A2058 cells were grown in DMEM with 10% FBS and 1% penicillin–streptomycin. HCT116 cells were grown in McCoy’s 5a modified media with 10% FBS and 1% penicillin–streptomycin. pLenti-CMV-Blast-PIP-FUCCI was a gift from Jean Cook (Addgene plasmid # 138715). RRID: Addgene_138715. The PIP-FUCCI lentiviral transfer plasmid was cotransfected with psPAX2 pMD2.G into 293 T cells. 48 h later, supernatants were filtered, mixed 1:1 with fresh medium containing polybrene (8 μg/mL), and applied to target cells for 16–24 h. A2058 and HCT116 cells expressing PIP-FUCCI were labelled with 50 μM EdU for 5 min, washed 3x in PBS (taking about 1 min for each) and labelled with 50 μM BrdU for 10 mins, washed 3x PBS and chased with 100 μM thymidine for 20 min then trypsinized in 0.05% trypsin. S-phase cells were isolated by FACS sorting (mCherry+, mVenus) using a BD FACS Aria Fusion or MoFlo Astrios EQ. Sorted cells were pelleted and stored at −80c. Drug treatments: HU (2 mM) added during BrdU pulse, PARPi Olaparib (10 µM) for 24 h, Wee1i MK1775 (1 µM) 2 h and ATRi VE-821 (10 µM) 30 min.

General purpose S-phase enrichment

The PIP-FUCCI system was used in this study only to increase the number of fork calls per MinION flow cell; it does not otherwise affect the results.
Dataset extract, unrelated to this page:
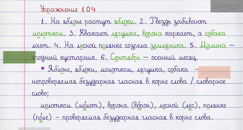 Готовые ответы к 104 упражнению 1 части рабочей тетради по русскому языку автора В.П. Канакина для учащихся 2 класса, 2019 г.

Other cell synchronisation techniques could also be used to enrich S-phase cell, such as mimosine arrest or CDK4/6 inhibition and release46. Cell synchronisation techniques may impact fork stall scores depending on the end user’s application.

DNA preparation

Ultra-high molecular weight (UHMW) DNA was extracted using Nanobind CBB Big DNA Kit (SKU NB-900-001-01, Circulomics) and UHMW DNA Aux Kit (NB-900-101-01, Circulomics) according to the manufacturer’s protocol (Document ID: EXT-CLU-001). DNA was incubated at 37 °C for 1 h at the elution step. The DNA was eluted in 760 µL Buffer EB (6 million cells for 6x MinION library sequencing) or in 506 µL (4–5.5 million cells for 4x MinION library sequencing). To measure the recovery and the quality of viscus UHMW DNA in Qubit and NanoDrop, the DNA sample was prepared according to the method described by Koetsier and Cantor47. DNA purity was checked by the ratio of DNA concentration measured in NanoDrop and Qubit (1-1.5).
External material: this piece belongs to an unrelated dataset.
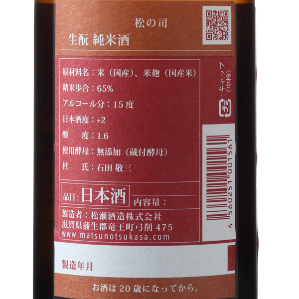 地下120Mの大きな岩盤の下を流れる鈴鹿山系愛知川伏流水を仕込み水とし、100%契約栽培により栽培法を定め十分に審査された酒米を、蔵人が時間をかけて精米。酒に味わいをつける箱麹法による麹造りや、酒質を決める社内保存酵母菌による速醸酒母と、昔ながらの生もと酒母の採用。また、発酵温度を低温に抑えながらも完全発酵を目指す小仕込み(1.2t以下)によるモロミ工程、そして瓶詰貯蔵による低温熟成管理(5℃以下)など、永年の経験による出来る限り丁寧な手造りで、深遠な味わいの「松の司」を醸しだします。(松瀬酒造HPより)

Library preparation and nanopore sequencing

libraries were prepared using Ultra-Long DNA Sequencing Kit (SQK-ULK001, ONT) and Nanobind UL Library Prep Kit (NB-900-601-01, Circulomics) according to the NanoBind Library Prep - Ultra Long Sequencing protocol (Document ID: LBP-ULN-001; 03/24/2021, Circulomics). UHMW DNA library was eluted in 225 µL (6 million cells) or 150 µL (4–5.5 million cells) ONT Elution Buffer (EB; SQK-ULK001, ONT). The loading library was prepared according to the manufacturer’s protocol and was loaded onto MinION Flow Cell R9.4.1(FLO-MIN106D, ONT). Sequencing run was performed using MinKNOW (v21.11.7–22.08.4) for 96 h run script with the sequencing kit set to SQK-ULK001. To load the fresh loading library, the sequencing run was paused after 24 h and the flow cell was washed with Flow Cell Wash Kit (EXP-WSH004, ONT) according to the manufacturer’s guidelines.

Basecalling and Genome Alignment

On R9.4.1, Oxford Nanopore sequencing reads were basecalled using Guppy (v5.0.11) using the dna_r9.4.1_450bps_fast configuration. Basecalled reads were aligned to the human genome using minimap2 (v2.17-r941) using the map-ont setting. Reads from A2058 cells were aligned to the chm13v2.0 human reference genome from the Telomere-to-Telomere (T2T) Consortium48. Reads from HCT116 were aligned to the hg38 (GRCh38.p13) assembly for consistency with the high-resolution Repli-Seq data from Zhao and colleagues39. On R10.4.1, Oxford Nanopore sequencing reads were basecalled with Dorado v0.7.2 using the dna_r10.4.1_e8.2_400bps_fast@v5.0.0model. Genome alignments were done at the time of basecalling using Dorado, and reads were aligned to the T2T chm13v2.0 human reference genome.

Fork calling with DNAscent

On the R9.4.1 chemistry, Oxford Nanopore reads were analysed with DNAscent v3.1.2 which is available under GPL-3.0 at https://github.com/MBoemo/DNAscent. Each basecalled sequencing run was indexed with the DNAscent index subprogram, and the probability of BrdU and EdU at each nucleotide along each sequenced read was called using the DNAscent detect subprogram. DNAscent detect was run using a minimum mapping quality of 20 and a minimum mapping length of 20 kb. The DNAscent forkSense subprogram segmented each read into EdU- and BrdU-positive regions. To finalise the location of the start and end of the EdU track, DNAscent computes the average incorporation in the middle third of the track and trims back from the start of the track and the end of the track until it meets a part of the track with this average incorporation. The trimming then stops and this is given as the final track. DNAscent then does the same for the BrdU track. EdU and BrdU tracks are then matched into replication forks such that, for a rightward-moving fork, the replication fork track begins at the start of the EdU track and ends at the end of the BrdU track which is where BrdU incorporation starts to decrease at the start of the thymidine chase. Fork calls on each read were then matched into origins and termination sites. On the R10.4.1 chemistry, base analogue detection was done on DNAscent v4.0.3 with the same minimum thresholds for read length and mapping quality.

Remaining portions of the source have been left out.